What’s more, most of the projects that are part of the Sustainable Community generate insufficient reductions for them to access the voluntary carbon market on their own. Thus, participation in the Sustainable Community (with no initial investment required and with costs shared between participants) gives these project developers access to carbon knowledge and a share of carbon revenues without having to spend thousands of dollars simply to register their project with a GHG program. On the ground and given existing business as usual, SME members of the Sustainable Community are definitely innovators and early adopters, as popularized by Rogers’ innovation diffusion curve.

Finally, and to maintain standards that exceed current practice, we :

  • Use a systematic approach to examine current practices.
  • Adopt a conservative methodology to estimate eligible buildings, incorporating data from Statistics Canada and the Quebec Ministry of Municipal Affairs, resulting in a projected 640,000 eligible non-residential buildings.
  • Let’s look at specific cases: our analysis of various generic projects shows that Sustainable Community eligible projects are not widespread in Quebec. For example, assessments of biomass energy, methane emission reduction and heat recovery projects highlight their limited uptake in our region.
  • Backing up our conclusions with solid data from authoritative sources, including government reports, independent research and specialized databases, increases the credibility of our results.

In conclusion, all of WILL’s GHG projects go beyond standard practice or ‘Business As Usual’. For example, one of our members, Prorec, a sorting center, will be innovating and investing in a unique and disruptive machine (estimated development cost C$1 million) that will be used to process packaged products, facilitating the recovery of food waste and the recycling of currently non-recyclable packaging.

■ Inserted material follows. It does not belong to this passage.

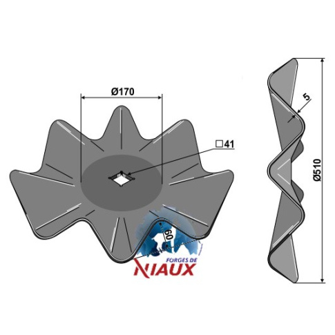 D:510 S:5 o d1:170 C ± 1mm:41 Ilość pofalowań:8 Wał czworokątny:40 W:60
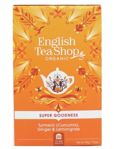 English Tea Shop - Ceai BIO - super goodness - ceai cu turmeric (curcuma), ghimbir si lemongrass - 35g - 20 plicuri / produs in Sri Lanka.Un ceai BIO, premium, cu baza de ghimbir, turmeric (curcuma), lemongrass, la care s-au adaugat lemn dulce, cuisoare, coji de lamaie, cardamom, piper negru si seminte de chimion. Un ceai cu gust surprinzator. Atentie contine lemn dulce - a se evita consumul excesiv de catre persoanele care sufera de hipertensiune. Toate ingredientele provin din agricutura organica

According to barriers to implementation

Financial barriers

We enable project owners to amortize their investment costs, maintain and sustain their projects over time, and enhance the value of their climate efforts. Here are just a few examples of how carbon revenues encourage Sustainable Community members to reduce their greenhouse gas emissions: 

  • SistekData/RCT Recycling (generic PAI IV – energy savings through recycling activities): Sistek Data recovers and recycles the plastic and metals contained in toner cartridges that would otherwise be sent to landfill or incinerated. For the territory concerned, Sistek Data is the only company to offer this type of recycling technology. With the proceeds from carbon credits, this member plans to purchase the machine needed to sort/recycle the plastics and metals contained in toner cartridges. Without this new and improved machine, recycling activities will not be able to develop from the current manual process used to demonstrate proof of concept and process the huge quantities of used cartridges produced each year.


  • Prorec (PAI II generic – reduction of methane emissions) : Prorec recovers and valorizes food production waste that would otherwise end up in landfill or be composted by private collectors. This member plans to use the income from carbon credits to develop the new processes needed to treat certain types of waste still sent to landfill, and as a financial incentive to persuade more companies to provide food waste for recovery and reuse.
  • Produits Forestiers Petit Paris : PFPP is an SME in the forestry industry. Additional carbon revenues would fund a project to eliminate GHG emissions from the bark residue encapsulation area. This initiative would reduce emissions by 100,000 tonnes of GHGs. The Coopérative Forestière de Petit Paris, with its experience since 1968, aims to be a model of innovative, efficient and safe cooperative management, based on valuing its members and sustainable, integrated forestry.
  • Boisaco/Granulco Group : The Boisaco/Granulco Group is a cooperative citizens’ organization specializing in wood development. Revenues generated since 2014 have largely contributed to financing new projects to reduce greenhouse gas (GHG) emissions, in line with its mission, which is focused on Sustainable Development. One current project aims to increase production capacity at Granulco, a partner company integrated into the Boisaco Group. This expansion includes the installation of equipment to reduce GHG emissions. In addition, a significant proportion of current and future production is destined to be used as fuel to replace coal in power generation in other countries, thus contributing to the global fight against climate change. Additional carbon revenues would facilitate the realization of current and future projects, many of which would also generate GHG reductions, such as the replacement of butane and/or propane use by biomass systems.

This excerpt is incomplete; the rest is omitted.